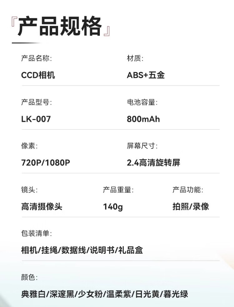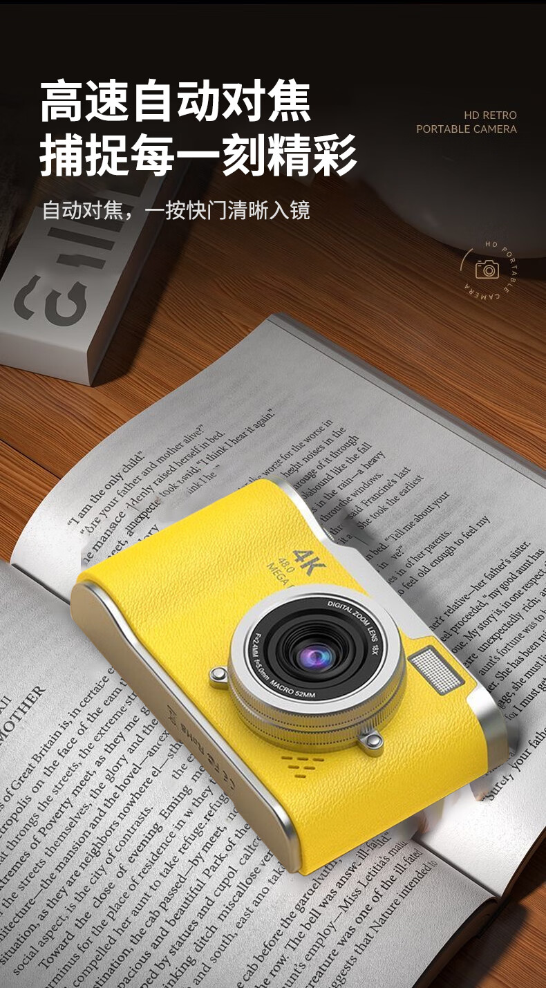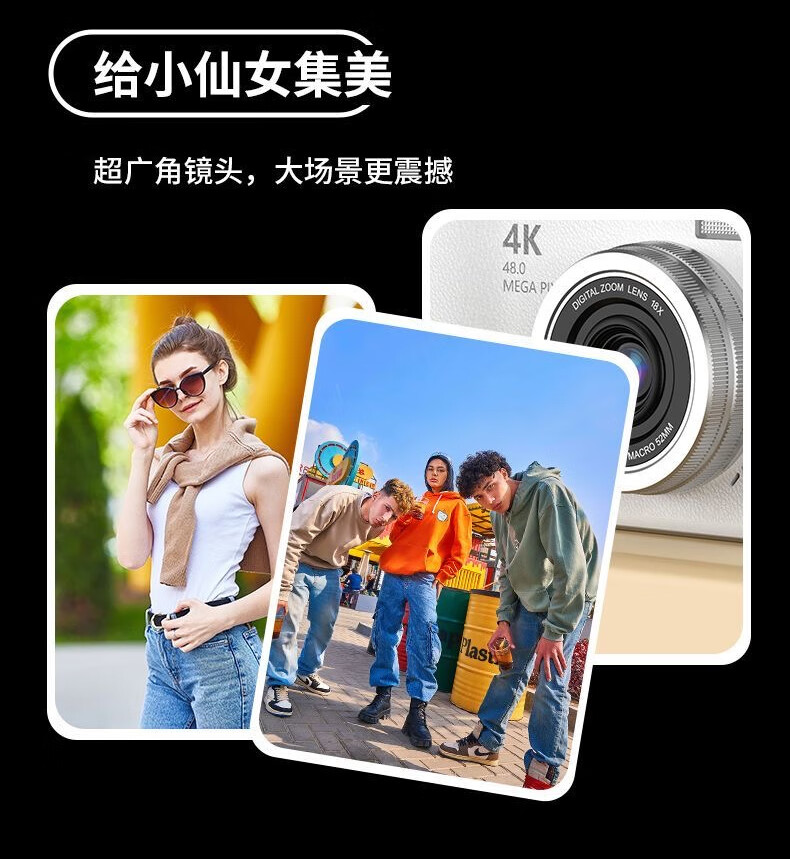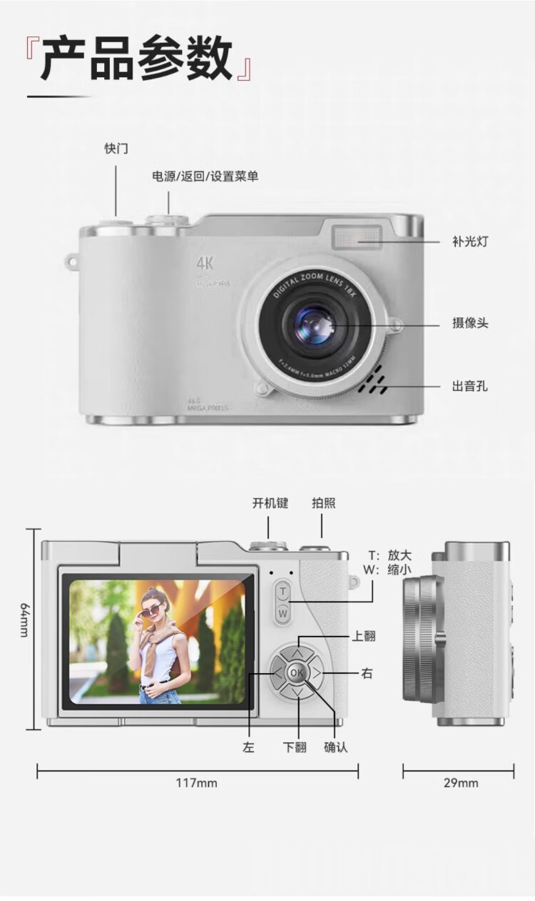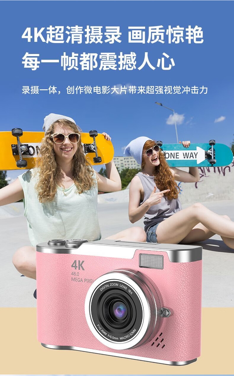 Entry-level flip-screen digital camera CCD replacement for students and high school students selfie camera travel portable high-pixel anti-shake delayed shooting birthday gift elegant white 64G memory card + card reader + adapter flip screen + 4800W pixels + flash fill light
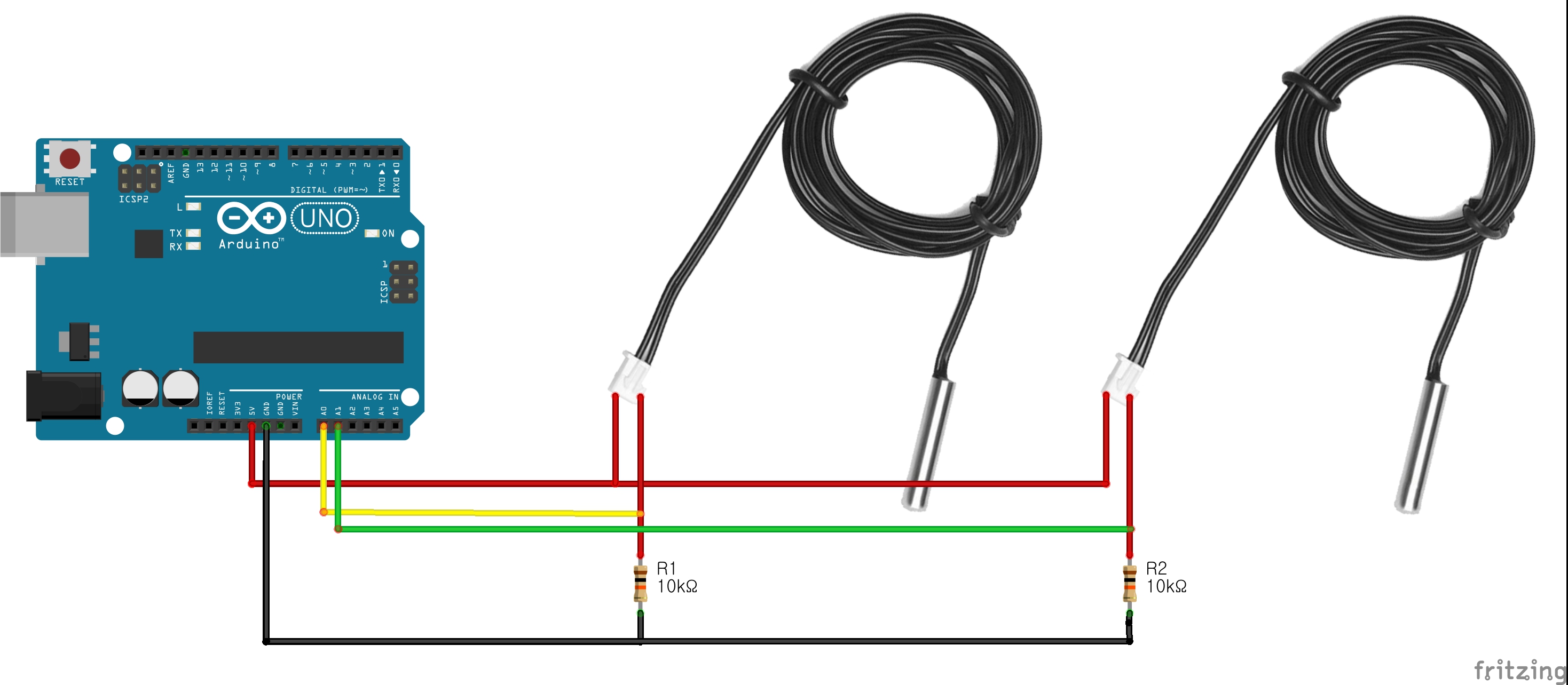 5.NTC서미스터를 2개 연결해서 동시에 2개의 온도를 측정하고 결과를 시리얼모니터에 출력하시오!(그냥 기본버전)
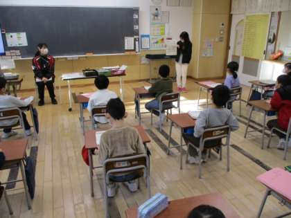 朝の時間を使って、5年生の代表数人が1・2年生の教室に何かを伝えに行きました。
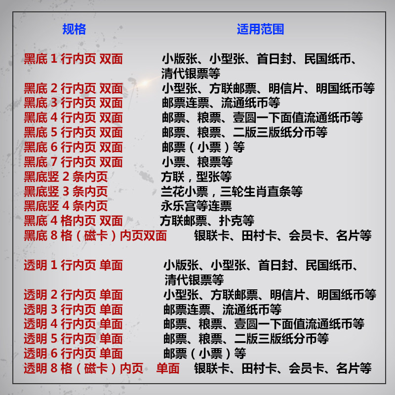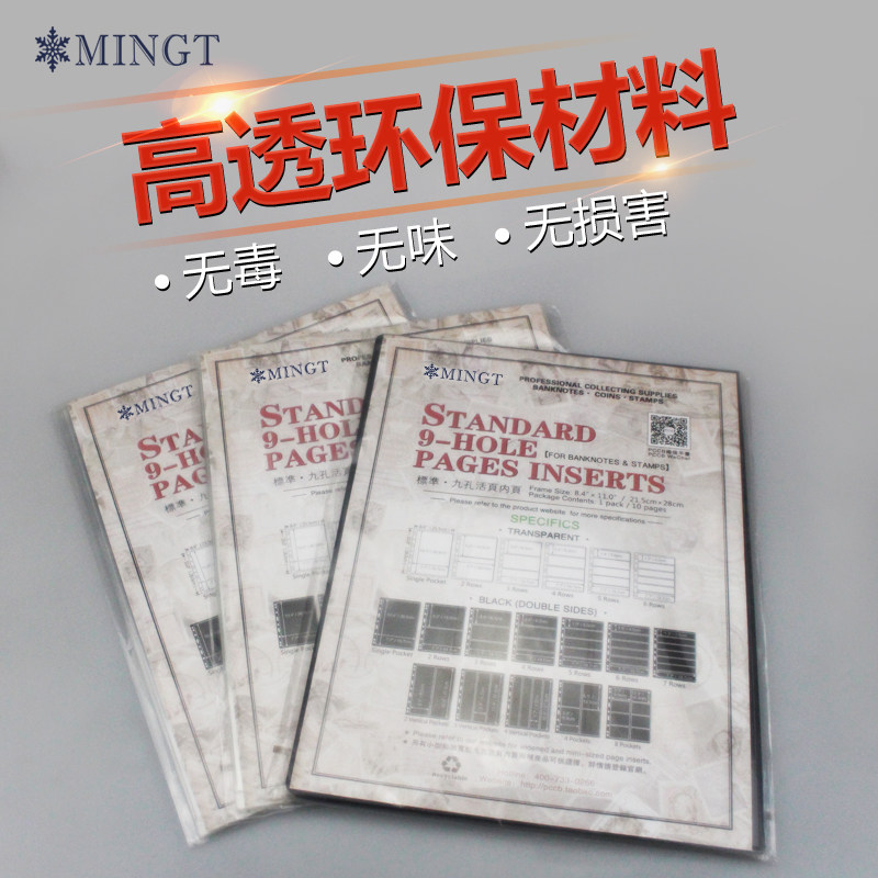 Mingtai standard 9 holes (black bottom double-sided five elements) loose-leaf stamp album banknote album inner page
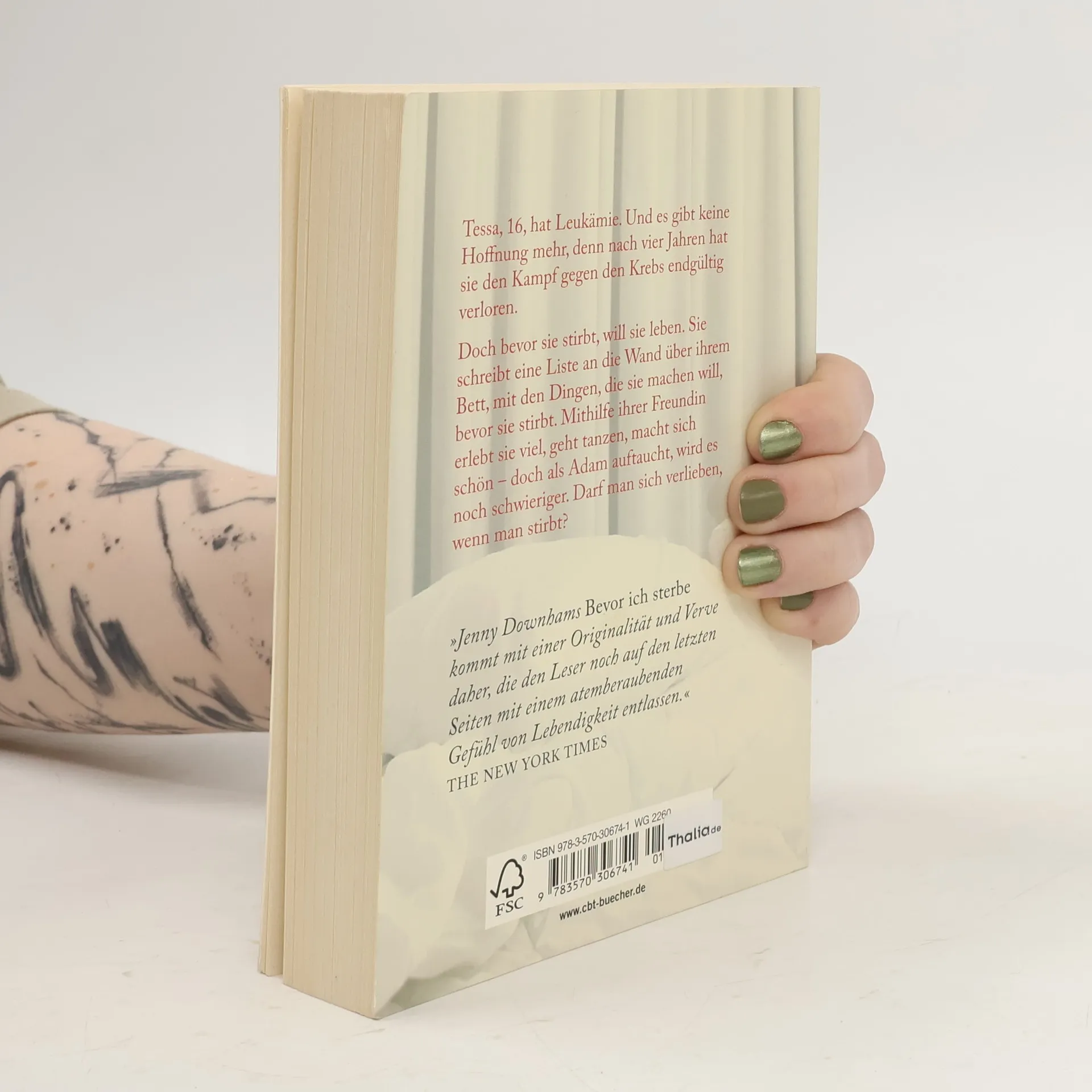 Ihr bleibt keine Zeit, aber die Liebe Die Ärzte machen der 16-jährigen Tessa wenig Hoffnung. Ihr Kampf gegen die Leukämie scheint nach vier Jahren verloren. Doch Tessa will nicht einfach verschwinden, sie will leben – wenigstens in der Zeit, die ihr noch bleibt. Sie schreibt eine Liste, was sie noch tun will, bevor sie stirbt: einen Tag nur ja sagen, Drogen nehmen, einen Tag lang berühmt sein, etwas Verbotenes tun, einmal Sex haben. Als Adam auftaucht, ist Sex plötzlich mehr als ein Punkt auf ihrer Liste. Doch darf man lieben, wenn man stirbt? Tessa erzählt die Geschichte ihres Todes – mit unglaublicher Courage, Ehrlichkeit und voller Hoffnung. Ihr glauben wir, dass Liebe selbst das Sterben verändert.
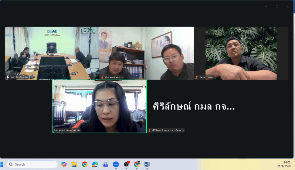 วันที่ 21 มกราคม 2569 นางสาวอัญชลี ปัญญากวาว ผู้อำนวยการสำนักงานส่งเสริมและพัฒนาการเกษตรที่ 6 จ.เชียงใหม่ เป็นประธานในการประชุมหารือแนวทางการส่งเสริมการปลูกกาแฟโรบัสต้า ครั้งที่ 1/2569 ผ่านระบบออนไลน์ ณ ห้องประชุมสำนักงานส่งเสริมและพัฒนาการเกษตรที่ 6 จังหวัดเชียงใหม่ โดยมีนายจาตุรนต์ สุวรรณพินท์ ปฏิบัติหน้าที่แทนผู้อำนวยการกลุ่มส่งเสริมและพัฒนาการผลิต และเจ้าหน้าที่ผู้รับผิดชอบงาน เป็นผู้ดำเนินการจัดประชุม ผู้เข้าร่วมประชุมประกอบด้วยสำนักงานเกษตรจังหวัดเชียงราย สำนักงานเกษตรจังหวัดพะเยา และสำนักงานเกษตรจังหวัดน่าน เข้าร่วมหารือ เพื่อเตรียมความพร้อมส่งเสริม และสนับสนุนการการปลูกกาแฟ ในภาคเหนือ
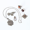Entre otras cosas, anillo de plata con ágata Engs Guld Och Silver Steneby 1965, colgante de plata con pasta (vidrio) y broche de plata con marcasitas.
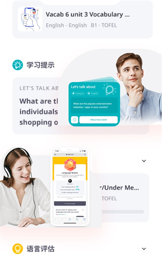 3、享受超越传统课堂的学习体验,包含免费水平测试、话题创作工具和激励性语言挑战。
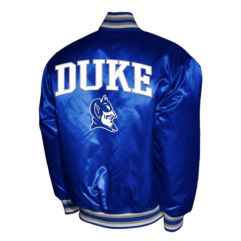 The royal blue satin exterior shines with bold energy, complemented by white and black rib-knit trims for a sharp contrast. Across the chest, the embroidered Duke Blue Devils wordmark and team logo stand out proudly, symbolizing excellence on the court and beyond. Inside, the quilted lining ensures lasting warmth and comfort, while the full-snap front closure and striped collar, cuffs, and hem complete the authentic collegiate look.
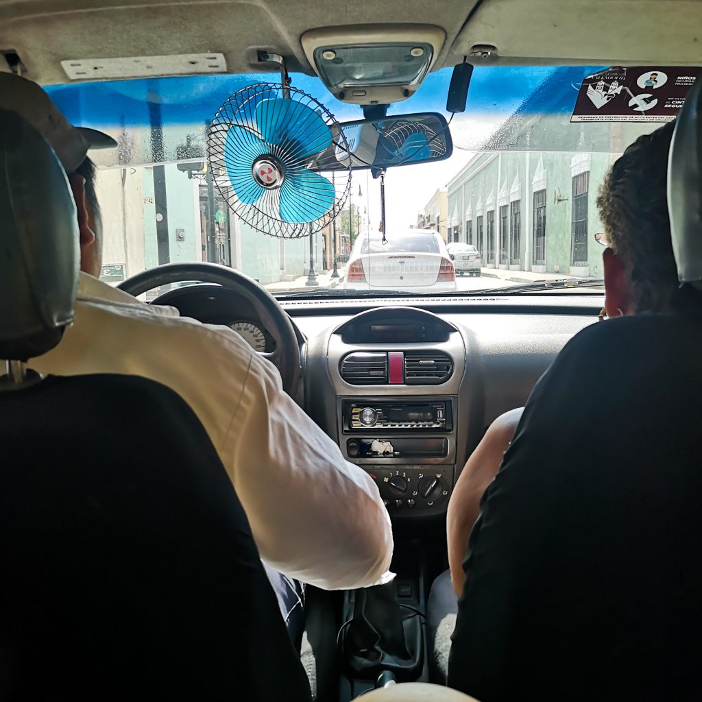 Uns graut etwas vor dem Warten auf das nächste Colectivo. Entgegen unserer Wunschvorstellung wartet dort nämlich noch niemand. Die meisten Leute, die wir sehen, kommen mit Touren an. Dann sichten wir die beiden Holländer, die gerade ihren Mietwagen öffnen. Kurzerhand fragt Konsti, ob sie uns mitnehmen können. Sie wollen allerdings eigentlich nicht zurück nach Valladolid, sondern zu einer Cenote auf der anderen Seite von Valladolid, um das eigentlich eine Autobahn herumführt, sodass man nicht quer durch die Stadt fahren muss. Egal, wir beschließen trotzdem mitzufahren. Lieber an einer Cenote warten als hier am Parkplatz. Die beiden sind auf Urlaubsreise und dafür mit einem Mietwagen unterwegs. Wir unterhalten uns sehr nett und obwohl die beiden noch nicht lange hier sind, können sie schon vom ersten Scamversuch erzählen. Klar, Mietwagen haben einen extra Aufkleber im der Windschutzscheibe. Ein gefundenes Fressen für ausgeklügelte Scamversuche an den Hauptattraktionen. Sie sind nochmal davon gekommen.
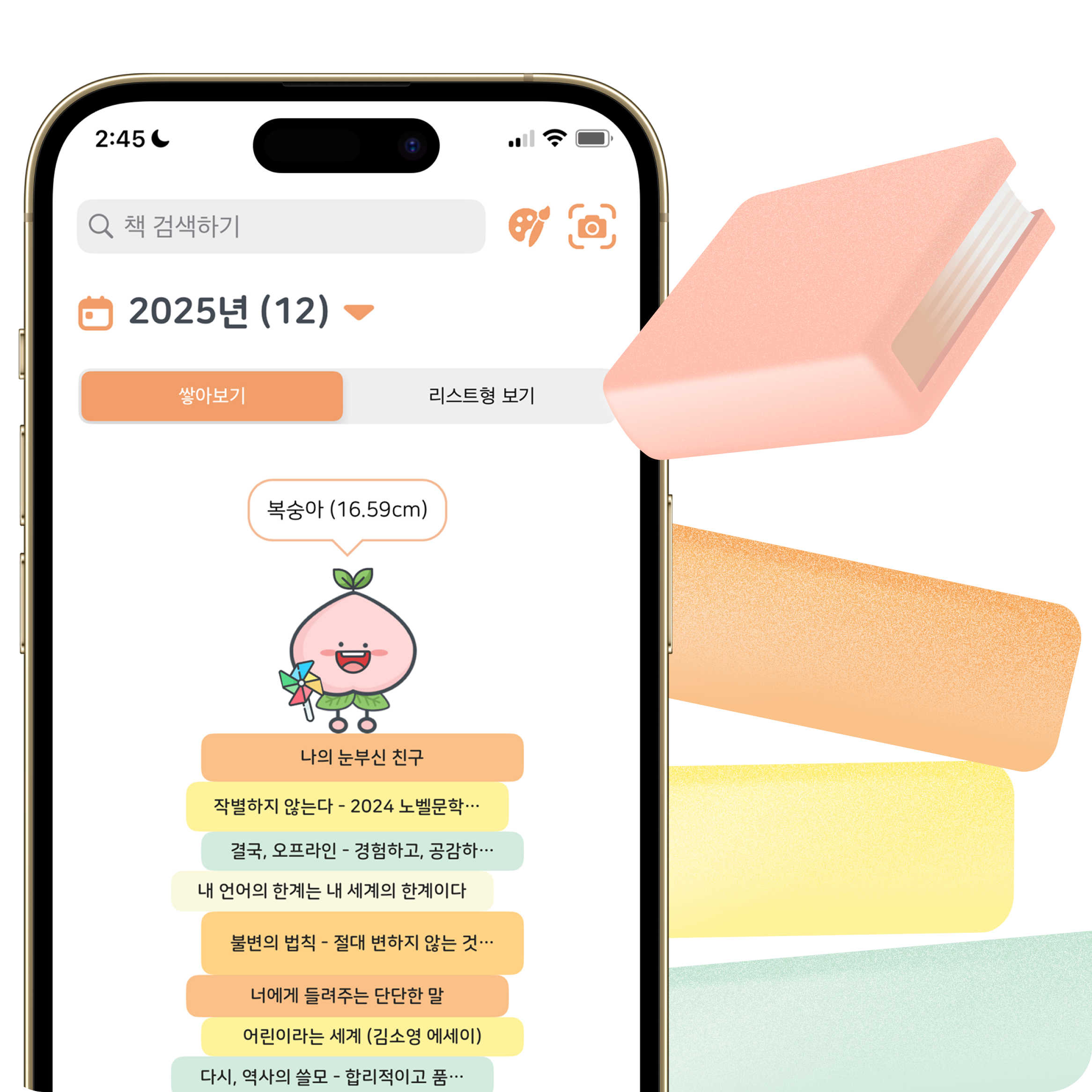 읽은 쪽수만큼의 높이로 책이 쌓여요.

→ Work to be completed
Write the listing above out again exactly, dropping each image.

→ Your response
 Entry-level flip-screen digital camera CCD replacement for students and high school students selfie camera travel portable high-pixel anti-shake delayed shooting birthday gift elegant white 64G memory card + card reader + adapter flip screen + 4800W pixels + flash fill light
 5.NTC서미스터를 2개 연결해서 동시에 2개의 온도를 측정하고 결과를 시리얼모니터에 출력하시오!(그냥 기본버전)
 朝の時間を使って、5年生の代表数人が1・2年生の教室に何かを伝えに行きました。
 Mingtai standard 9 holes (black bottom double-sided five elements) loose-leaf stamp album banknote album inner page
 Ihr bleibt keine Zeit, aber die Liebe Die Ärzte machen der 16-jährigen Tessa wenig Hoffnung. Ihr Kampf gegen die Leukämie scheint nach vier Jahren verloren. Doch Tessa will nicht einfach verschwinden, sie will leben – wenigstens in der Zeit, die ihr noch bleibt. Sie schreibt eine Liste, was sie noch tun will, bevor sie stirbt: einen Tag nur ja sagen, Drogen nehmen, einen Tag lang berühmt sein, etwas Verbotenes tun, einmal Sex haben. Als Adam auftaucht, ist Sex plötzlich mehr als ein Punkt auf ihrer Liste. Doch darf man lieben, wenn man stirbt? Tessa erzählt die Geschichte ihres Todes – mit unglaublicher Courage, Ehrlichkeit und voller Hoffnung. Ihr glauben wir, dass Liebe selbst das Sterben verändert.
 วันที่ 21 มกราคม 2569 นางสาวอัญชลี ปัญญากวาว ผู้อำนวยการสำนักงานส่งเสริมและพัฒนาการเกษตรที่ 6 จ.เชียงใหม่ เป็นประธานในการประชุมหารือแนวทางการส่งเสริมการปลูกกาแฟโรบัสต้า ครั้งที่ 1/2569 ผ่านระบบออนไลน์ ณ ห้องประชุมสำนักงานส่งเสริมและพัฒนาการเกษตรที่ 6 จังหวัดเชียงใหม่ โดยมีนายจาตุรนต์ สุวรรณพินท์ ปฏิบัติหน้าที่แทนผู้อำนวยการกลุ่มส่งเสริมและพัฒนาการผลิต และเจ้าหน้าที่ผู้รับผิดชอบงาน เป็นผู้ดำเนินการจัดประชุม ผู้เข้าร่วมประชุมประกอบด้วยสำนักงานเกษตรจังหวัดเชียงราย สำนักงานเกษตรจังหวัดพะเยา และสำนักงานเกษตรจังหวัดน่าน เข้าร่วมหารือ เพื่อเตรียมความพร้อมส่งเสริม และสนับสนุนการการปลูกกาแฟ ในภาคเหนือ
Entre otras cosas, anillo de plata con ágata Engs Guld Och Silver Steneby 1965, colgante de plata con pasta (vidrio) y broche de plata con marcasitas.
 3、享受超越传统课堂的学习体验,包含免费水平测试、话题创作工具和激励性语言挑战。
 The royal blue satin exterior shines with bold energy, complemented by white and black rib-knit trims for a sharp contrast. Across the chest, the embroidered Duke Blue Devils wordmark and team logo stand out proudly, symbolizing excellence on the court and beyond. Inside, the quilted lining ensures lasting warmth and comfort, while the full-snap front closure and striped collar, cuffs, and hem complete the authentic collegiate look.
 Uns graut etwas vor dem Warten auf das nächste Colectivo. Entgegen unserer Wunschvorstellung wartet dort nämlich noch niemand. Die meisten Leute, die wir sehen, kommen mit Touren an. Dann sichten wir die beiden Holländer, die gerade ihren Mietwagen öffnen. Kurzerhand fragt Konsti, ob sie uns mitnehmen können. Sie wollen allerdings eigentlich nicht zurück nach Valladolid, sondern zu einer Cenote auf der anderen Seite von Valladolid, um das eigentlich eine Autobahn herumführt, sodass man nicht quer durch die Stadt fahren muss. Egal, wir beschließen trotzdem mitzufahren. Lieber an einer Cenote warten als hier am Parkplatz. Die beiden sind auf Urlaubsreise und dafür mit einem Mietwagen unterwegs. Wir unterhalten uns sehr nett und obwohl die beiden noch nicht lange hier sind, können sie schon vom ersten Scamversuch erzählen. Klar, Mietwagen haben einen extra Aufkleber im der Windschutzscheibe. Ein gefundenes Fressen für ausgeklügelte Scamversuche an den Hauptattraktionen. Sie sind nochmal davon gekommen.
 읽은 쪽수만큼의 높이로 책이 쌓여요.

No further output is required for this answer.